My feature is very complex, I don't want to babysit Ailly and I just want to vibe code the next million dollar idea! Ok. You'll spend a lot of tokens! Pick an agent and model with Workflows. In your prompt, tell it your great idea, and tell it to write a workflow that drives Ailly to finishing it. Any questions Ailly would ask you, the managing workflow agent should answer instead. (But it should use Ailly to do secondary research for those…) Depending on the capabilities of your model (Hello, Fable), you might get away with telling it to run several Ailly sessions itself. Maybe tell the coordinator to run an Ailly workflow where each step of the plan is actually starting an agent to run another Ailly workflow!? Hello, Gas City!

Ailly keeps running the wrong command to test my project. What should I do? Ailly comes with a specialized “initialize” skill that specifically walks through deciding and verifying a project framework (currently optimized for Cargo Rust, Node TypeScript, and UV Python, but it should be straightforward to add more).

Ailly has dozens of skills across half a dozen skill sets! Why so many!? Yep. Skills work best when they're focused and targeted. “Ailly” described here is mainly the developer skills.
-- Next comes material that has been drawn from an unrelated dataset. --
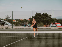 Resort "Camp Tiha". 800 m fra bymidten af Šilo, solrige beliggenhed, direkte ved havet, direkte ved stranden. Til medbenyttelse: grund 4 ha (indhegnet) med græsplæne og træer. Udendørs brus, tennis (ekstra), strandvolleyboll, legeplads. I anlægget: reception, bar, adgang til internet, trådløs LAN [WLAN], vaskeri, vaskemaskine (ekstra), cykeludlejning. Til afbenyttelse: kano (ekstra). Parkeringsplads på grunden. Indkøbsforretning, restaurant 500 m, kiselstenstrand "Tiha". Bemærk venligst. Venner af vandreture snørrer vandrestøvlerne og går på en udforskningstur gennem naturen i det flade område. Spilbare tennisbaner er tilgængelige for sportslige ferie uger.Interior
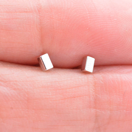 Sterling Silver Minimalist Tiny Short Bar Cube Square Geometric Stud Earrings, Dainty and Delicate, Classic and Elegant Jewellery

There's also general which tries to give Ailly a more professional tone when asking questions and writing, patterns which documents a number of coding “best practices” that generally don’t get too much disagreement and anyway they make the code better in my opinion, and domain and voices which are somewhat more experimental and can be skipped.

Ailly Quickstart

Task	Prompt
Install Ailly	https://github.com/davidsouther/domain-driven-design
Start on a task	Ailly, start work on (or research) <describe the task or topic>.
Start on a task in isolation	Ailly, in a worktree start work on <describe the task>.
Continue the next phase	Ailly, continue (or design or plan or build of implement or clean up) <task slug>.
Finish a task without intervention	Ailly, finish <task slug or description > with a quick loop.
Do work that requires a longer description	Write the task in a file `.ailly/prompts/[topic]`. Then in the Chat, “Run `.ailly/prompts/[topic]`.”
Learn more about what Ailly can do	Try it, and ask it. Prompts like "If I tell Ailly to use .agent instead of .ailly for its files, will it respect that?" The agent will often read the source of the Ailly skill and provide an appropriate answer.